Het onderwijs en de wetenschap moeten veilig zijn voor studenten, docenten en onderzoekers.
De overheid zorgt samen met studenten, medewerkers en de instellingen voor een betere sociale veiligheid. Instellingen krijgen een wettelijke zorgplicht.
De universiteiten keerden de eerste starters- en stimuleringsbeurzen uit. Zo kunnen onderzoekers met meer rust hun onderzoek een impuls geven en de balans tussen hun onderwijs- en onderzoekstaken herstellen.
Het maatschappelijk belang van onderwijs en wetenschap wordt groter.
Enkele belangrijke resultaten:
De krimpregio’s krijgen € 45 miljoen. Dat moet bijvoorbeeld voorkomen dat hogescholen door dalende studentenaantallen opleidingen moeten afbouwen.
Hogescholen besteden € 30 miljoen aan projecten om een impuls te geven aan opleidingen in de tekortsectoren zorg, techniek en ICT en onderwijs.
Met de start van het regieorgaan Open Science werken kennisinstellingen samen om de toegang tot publiek gefinancierd onderzoek te vergroten. Hierdoor krijgen geïnteresseerden de mogelijkheid om wetenschappelijke resultaten in te zien en daarop voort te bouwen.
Toekomstplannen hoger onderwijs en onderzoek
De komende jaren investeert de Rijksoverheid verder in de 3 hoofddoelen. Per doel een aantal voorbeelden waaraan gewerkt wordt:
Stimuleren van samenwerking en profilering aan onze universiteiten.
Extra investeringen in wetenschappelijke infrastructuren en middelen voor internationale samenwerkingen.
Instellingen stellen gedragsregels op tegen onveilig en grensoverschrijdend gedrag.
Er komt een landelijk programma studentenwelzijn, om kennis en kunde te verspreiden in alle sectoren van het vervolgonderwijs. Mbo, hbo en wo kunnen van elkaar leren als het gaat om het verbeteren van het studentenwelzijn.
Investeren in lerarenopleidingen en in meer leraren.
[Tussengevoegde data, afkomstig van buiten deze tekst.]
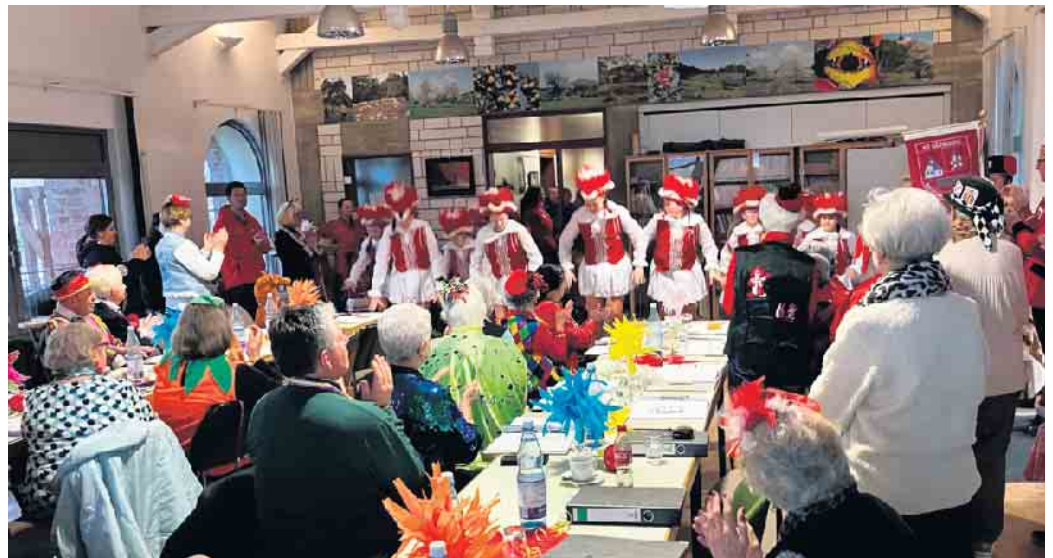
Auftritt der Junioren der Brückenwache Alzenbach

Auf vielfachen Wunsch wurde der Ausflug in die Krombacher Brau-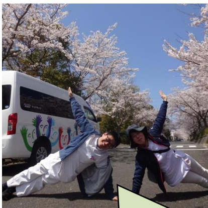
職員も楽しんでおります♡

くるみでは花見の日でも姿勢の測定をし、それぞれの目標も確認して、やりたいことに活かしていくという目的を持って出発です。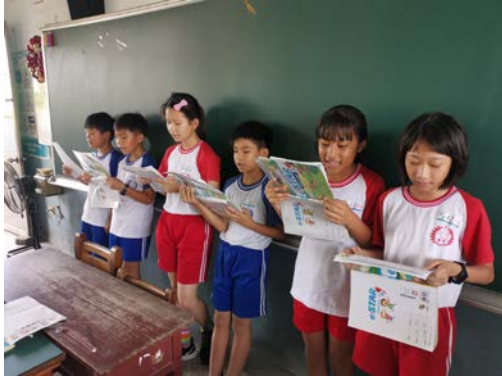
說明：進行英語讀者劇場教學及練習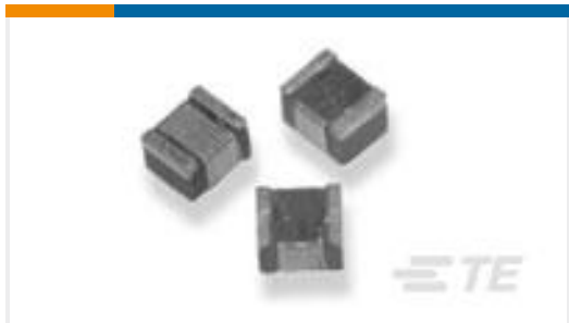
TE 零件编号3-1624113-5 3650 2A 27nH 5% 2K RL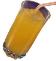
オレンジジュース 300円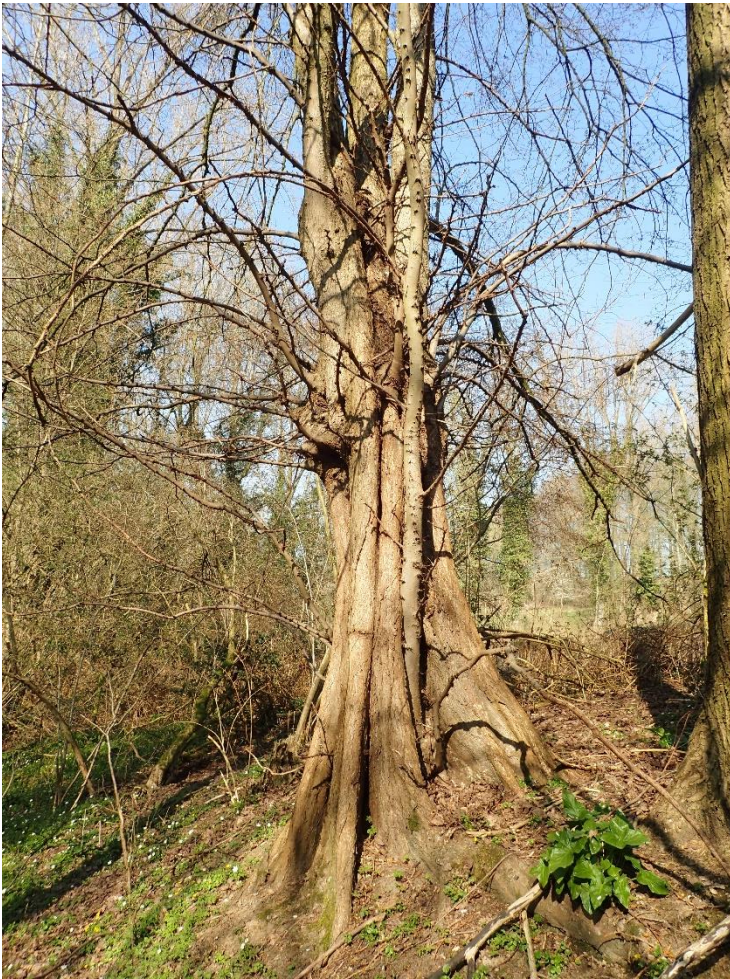
Foto 16: Geknotte fladderiep de Sassegembeekvallei (24 maart 2022)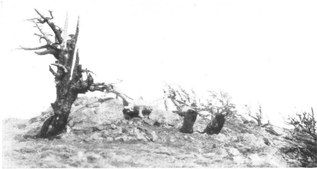
Fig. 1. Ce qui reste de la Cédraie du sommet du Rif, le Tidighine (2450 m.).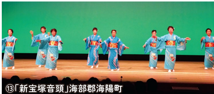
⑬「新宝塚音頭」海部郡海陽町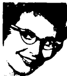
Aut. Zeiss forhandler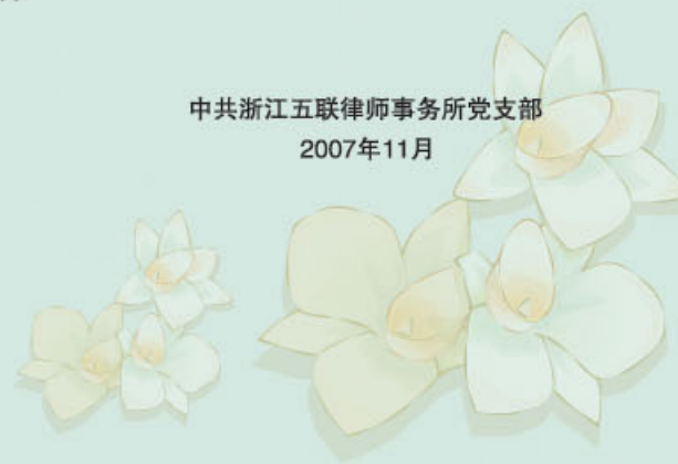
中共浙江五联律师事务所党支部 2007年11月

五联所这几年发展表明，加强共产党与各民主党派和无党派人士的团结合作，大家荣辱与共，精诚合作，对于共创五联所的美好未来，其实是非常重要的。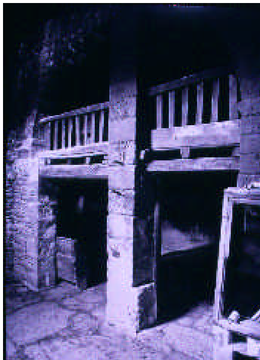
La cuina de l'Avenc, del segle XV, tal com estava l'any 1975.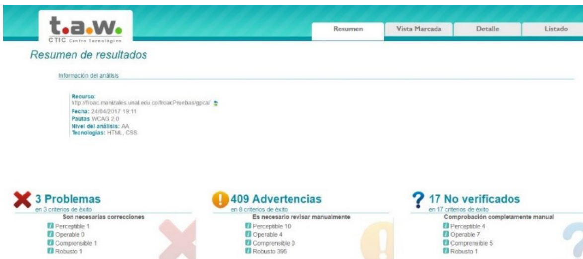
Figura 6. Evaluación de accesibilidad de GPCA usando el validador T.A.W.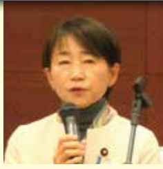
国民民主党代表 副幹事長 衆議院議員 西岡秀子様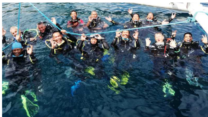
Fin des exercices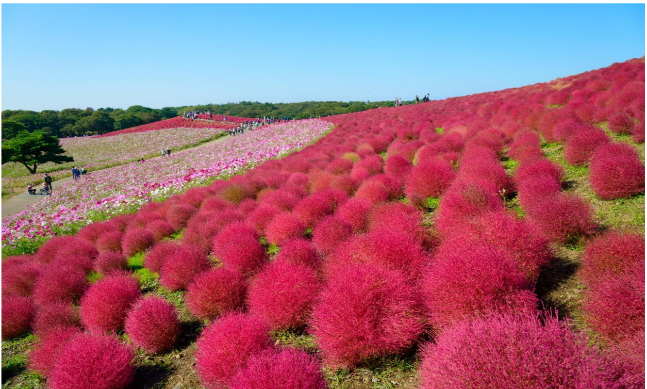
T2G-NRT09XJ Autumn Red Leave...Tokyo Fuji Nikko 6D4N (XJ)

De subsidieregeling versteviging beroepskolom is gepubliceerd. Deze regeling verbetert de opleidingsroutes voor tekortsectoren doorstroom op de overgangsmomenten vo-mbo en mbo-hbo.
€150 miljoen wordt geïnvesteerd om drempels weg te nemen en doorstroom voor studenten makkelijker te maken naar de diverse onderwijsvormen.
Investeren in start-ups die voortkomen uit kennis van hogescholen en universiteiten.